Tuesday, January 15, 2008

This week: Ed Dorn














Thanks to Donald Allen's 1960 New American Poetry, Ed Dorn is still primarily known as a Black Mountain College poet. After his years at the college, though, he went on to become one of the foremost poets of the American West, in all its dimensions. This week's Wordplay features Dorn reading two works that helped to define that legacy: Idaho Out and Recollections of Gran Apacheria.

The Idaho Out opened a 1962 reading, probably in Albuquerque (Robert Creeley, who'd been his Examiner at Black Mountain, introduces him, and Creeley was then, I believe, still teaching in New Mexico). Dorn followed it with an equally spirited take on "From Gloucester Out", but I decided to save that poem for another show so that I could fit the second reading, from April 19, 1974, in Buffalo, into our hour. This reading was one of the first to which I lugged my trusty Uher reel-to-reel; I set up on Dorn's right, fairly close to the front of the room, and held the single mic in my hand (no mic stands in those days, so I could travel light) for the duration. I also managed to shoot several photos of Dorn as he read; I've posted them over at Facebook (that's the public link), and will probably upload them to Flickr also.
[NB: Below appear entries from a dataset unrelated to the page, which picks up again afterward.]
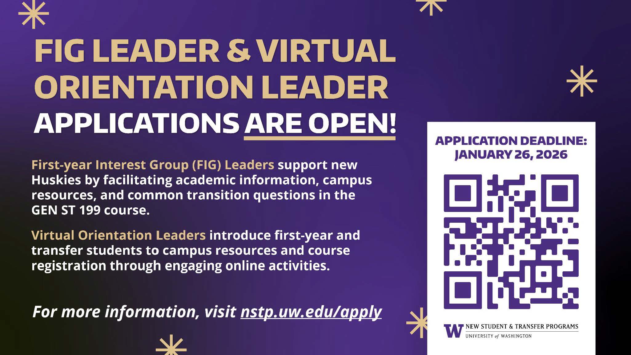 New Student & Transfer Programs is currently recruiting for our First-year Interest Group (FIG) Leader and Virtual Orientation Leader (VOL) student positions!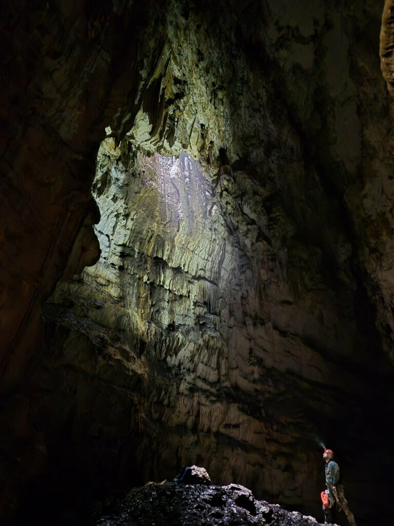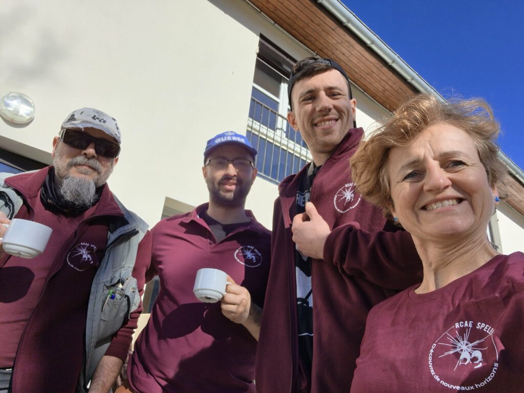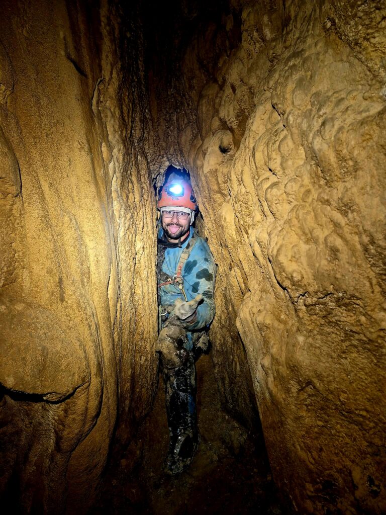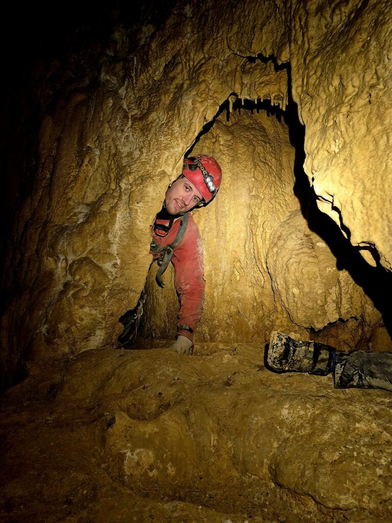 L’enchaînement des deux puits prééquipés, entrecoupés d’un méandre désobé, nous emmène rapidement au fond. Après avoir dépassé les quelques fossiles, nous atteignons une vasque boueuse défendant l’accès au ressaut de 2 mètres que seuls Stéphane et Maud tenteront de franchir pour aller voir la cheminée terminale, sans succès hélas. Nous décidons de remonter dans l’espoir d’enchainer une seconde cavité sur la journée. Le retour se passe sans encombre. Même si la cavité est annoncée avec un peu de CO2, seuls Oli et Steph ressentent un essoufflement léger à la remontée. Nous veillons à ne pas déranger dans le puits quelques chauves-souris de plusieurs espèces.
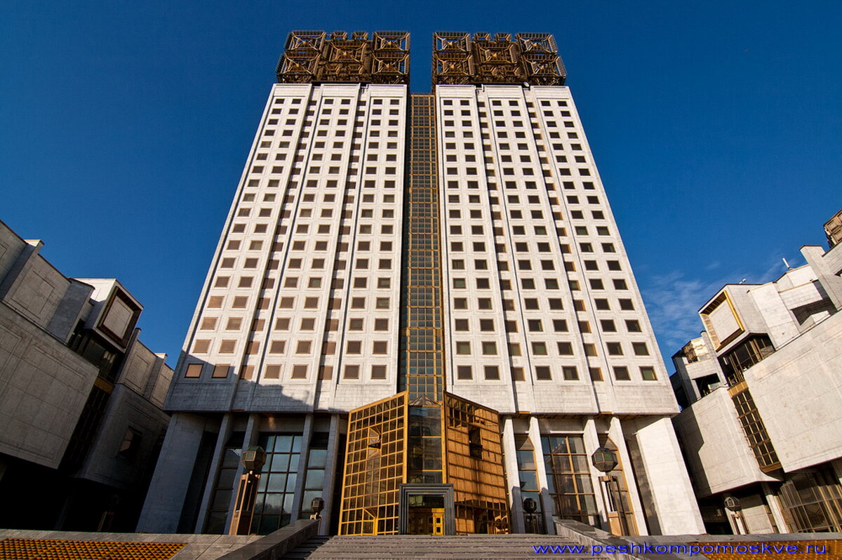 Особняком в этом списке стоит здание Президиума РАН. Это белое здание, состоящее из двух высоток с непонятными золотистыми конструкциями на крыше, расположилось на Ленинском проспекте, 32а, у подножья Воробьевых гор. И хотя его строительство затянулось до 1990-ых, спроектировано оно значительно раньше.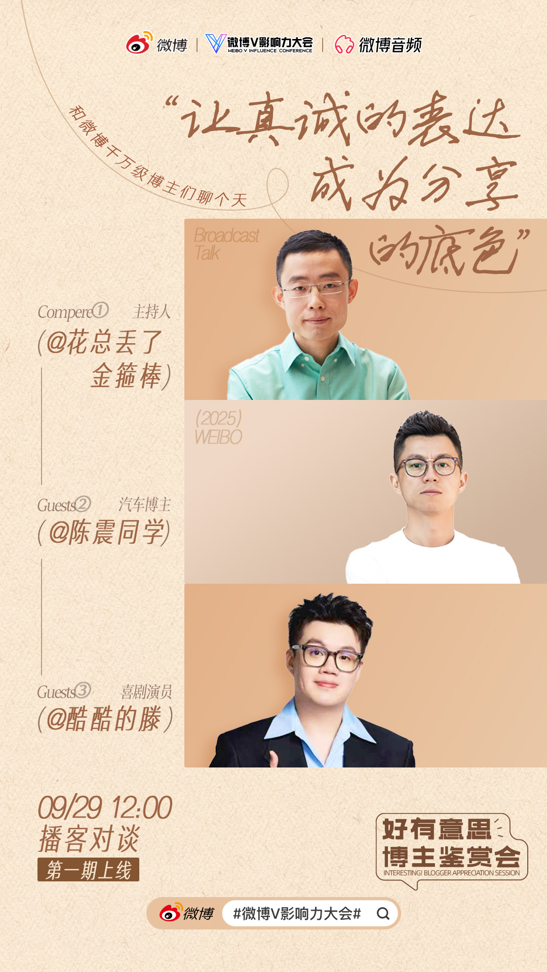 这是微博V影响力大会“好有意思博主鉴赏会”的首期博客。在这场对谈中,我和@陈震同学、@酷酷的滕 聊了工作与生活,试图呈现千万博主在线下的另一面。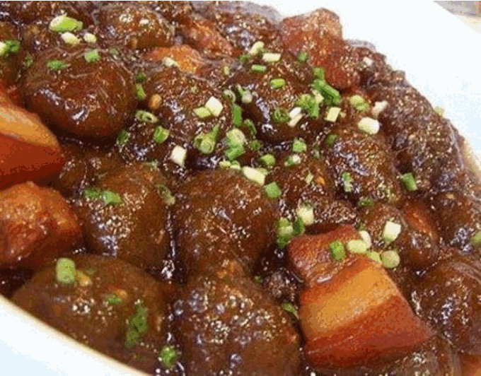 特色: 山粉圓子燒肉:口感粘而不稠、油而不膩,滑爽可口。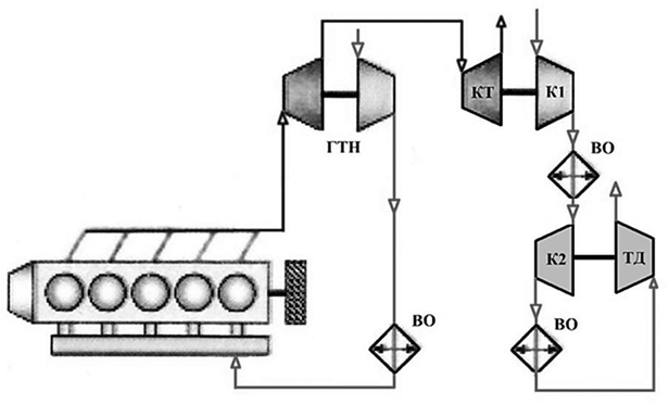 Другим примером может быть турбодетандерная схема утилизации (рис. 5), где газовая компаундная турбина приводит винтовой воздушный компрессор (ВК). Винтовой компрессор имеет высокий КПД и способен создавать в одной ступени высокое давление воздуха. В этом случае ТД может выполнять роль компаундной турбины, если его соединить через редуктор с коленвалом двигателя. Последнее необходимо не только для того, чтобы ТД передавал свою мощность дизелю, но и для обеспечения расширения воздуха в ТД путем совершения механической работы.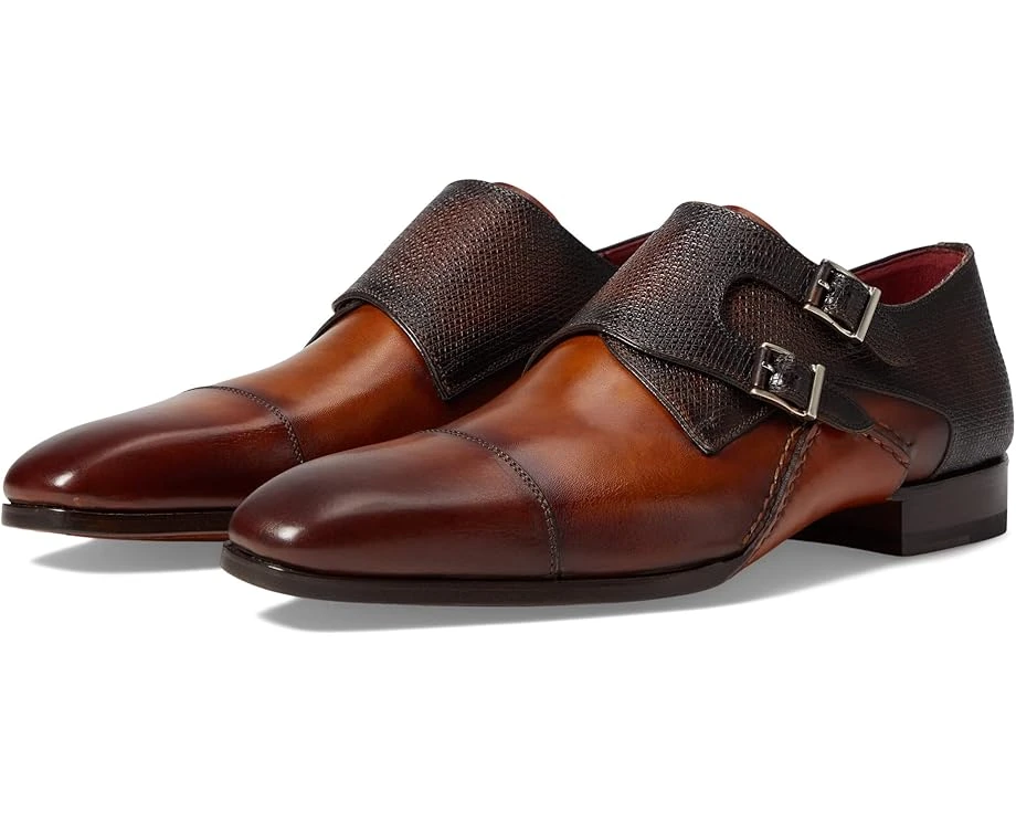 For all Magnanni footwear, the brand suggests sizing down a half size for the best fit. SKU: #8975739Treat yourself to exquisite style with the eye-catching Magnanni® Ondara.Hand stained full-grain leather upper.Features an adjustable double buckle.Burnished square cap toe.Soft leather sock lining.Non-removable insole.Leather welt.Stacked heel.Leather sole.Made in Spain.Product measurements were taken using size 11, width M. Please note that measurements may vary by size.Measurements: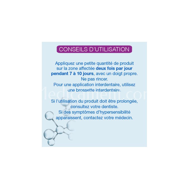 Si l’utilisation du produit nécessite d’être poursuivie, consultez votre dentiste. Si des symptômes d’hypersensibilité apparaissent, contactez votre médecin.

Before he read Recollections that night, he read a few short selections from the later books of Gunslinger, whose conclusion hadn't yet been published. I omitted those from the show in order to include all of Recollections - or all I had; back in those days of reel-to-reels, I always had to keep my fingers crossed that one five inch tape would make it all the way through a reading. That night it didn't, not quite: the end of the tape slipped through the capstan and across the heads just before Dorn spoke the last few words of the final poem. I supplied those for the show.

The readings are both now available online, the 1962 reading at the Slought Foundation, and the 1974 reading at PennSound; I uploaded it a few years ago to The Factory School site, and it somehow made its way across Philadelphia to PennSound. Ah, the wonders of the internet.

The music I played to open the show was "Apache", by The Shadows; I found it at YouTube. That's also where I found Vaughn Monroe's version of "Ghost Riders in the Sky", which led into the break. Leading into Recollections, and then out of the show, are short sections of two cuts from the Peter Kater/R. Carlos Nakai collaboration Natives, as haunting, and haunted, as the West which they echo.

Enjoy.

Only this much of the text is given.